Yom Sheini, 17 AdarI 5781
Monday, 1 March 2021
Parashat B'reshit 5776

Rabbi Danny Rich
9th October 2015


With the excess of Simchat Torah behind us we begin again the reading of the Torah, starting unsurprisingly at the beginning –the opening chapters of the Book of Genesis, parashat Breishit.

Their contents are familiar to almost everybody: the two Creation narratives, the splendour of the Garden of Eden and the eating of the forbidden fruit which leads to the expulsion of Adam and Eve therefrom, and the first recorded Biblical murder of Abel by his brother, Cain.

It is perhaps ironic, therefore, that the message of Breishit is one of human responsibility, for the creation itself, the natural world and for its crown –the human being.

Readers will be familiar with the debate about the impacts of climate change, the eradication of natural species and the rate of environmental degradation which we, the human race, have perpetrated in the last decade, never mind the previous half century.· Whilst there are still some voices which deny the suggested results of climate change and other related matters –and ascribe it all to a conspiracy of leftie scientists or a ‘moral panic’ encouraged by advocates of alternative living- it does appear to me that in recent years we have not taken care of our planet as our Jewish tradition hoped.· The Talmud (Sanhedrin 38a) envisages the natural world as a banquet laid out in a palace and, of course, civilised guests enjoy the food and drink but desist from taking the last of everything and certainly would not smash up the cutlery and damage the palace itself!· Today scientists speak of ‘the delicate balance of nature’ and remarkably the medieval scholar Don Isaac Abravanel (1437-1508) commenting on Breishit speculated that, had the sun been larger or placed closer to the earth, its heat would have destroyed our planet.·Alternatively had it been placed a fraction further away, Earth would have been locked forever in a frozen winter.· Perhaps future generations will need to be more thoughtful about their use and abuse of the natural world.

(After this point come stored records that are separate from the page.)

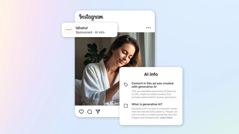 - In response to transparency expectations around AI, last year Meta introduced a label for users to identify ads that have been augmented with AI features. This is now rolling out on a larger scale to all AI-altered ads. The label reads ‘AI info’ above your ad, and when hovered over explains how it utilised generative AI in its making.
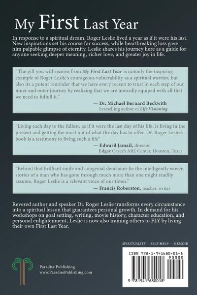 In response to a spiritual dream, Roger Leslie lived a year as if it were his last. New inspirations set his course for success, while heartbreaking loss gave him a palpable glimpse of eternity. Leslie shares his journey here as a guide for anyone seeking deeper meaning, richer love, and greater joy in life.
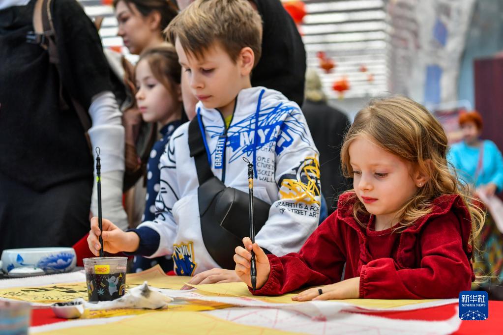1月21日,儿童在俄罗斯莫斯科的迎新春活动上学习书法。

If the ‘climate pessimists’ are correct the election of Jeremy Corbyn as the Leader of her Majesty’s Opposition and the alleged activities of our Prime Minster at Oxford University and indeed all our earnest debates about whether our National health System can cope with ‘the explosion of obesity and diabetes’ or how can we provide affordable homes in our major cities will be an irrelevance –as will be the second part of this article!

It is, therefore, assumed that it is still possible to ameliorate the ‘Armageddon’ aspects of climate change, and, whilst, much is in the hands of international, powerful politicians and business leaders, we still need to do our bit in recycling, considering our means of travel, and in not supporting directly or indirectly trade in rare animal species.· Some may go further in adopting a vegetarian diet because meat production contributes to a less than ideal use of natural resources.· To do so is Jewish in two ways.· First, it fulfils the well-known aphorism f Rabbi Tarfon in Pirke Avot, ‘You are not required to complete the task, but neither are you at liberty to abstain from it.’· Second, it is part of the acknowledgment of the Psalmist and others that the natural world belongs to God and humanity is its steward.

In addition to the Creation Story, Breishit records the tragic murder of Abel by Cain.· The story has many interesting aspects, not least God’s role in accepting Abel’s offering but paying ‘no heed’ to that of Cain.· The Torah records no conversation between Cain and Abel but, following the murder, God enquires of Cain and receives the famous rhetorical reply ‘Am I my brother’s keeper?’· God’s answer is implied but clear.· Cain will be severely punished for the murder of his brother which, playing on the Hebrew plural (Verse 10) which reads ‘the bloods of your brother cries out…’, understands that not only has Abel been murdered but potential generations are now doomed never to have been born –perhaps a more relevant consideration in those days when the numbers of human beings was so small!

Judaism has a very clear response to Abel’s question, reflected in Mishnah Sanhedrin 4:5.

…whosoever takes a single life destroys thereby an entire world, and whosoever saves a single life thereby preserves an entire world.

Is there a more compelling text to prompt our thinking about our responsibly both for each human being and the natural world which we inhabit?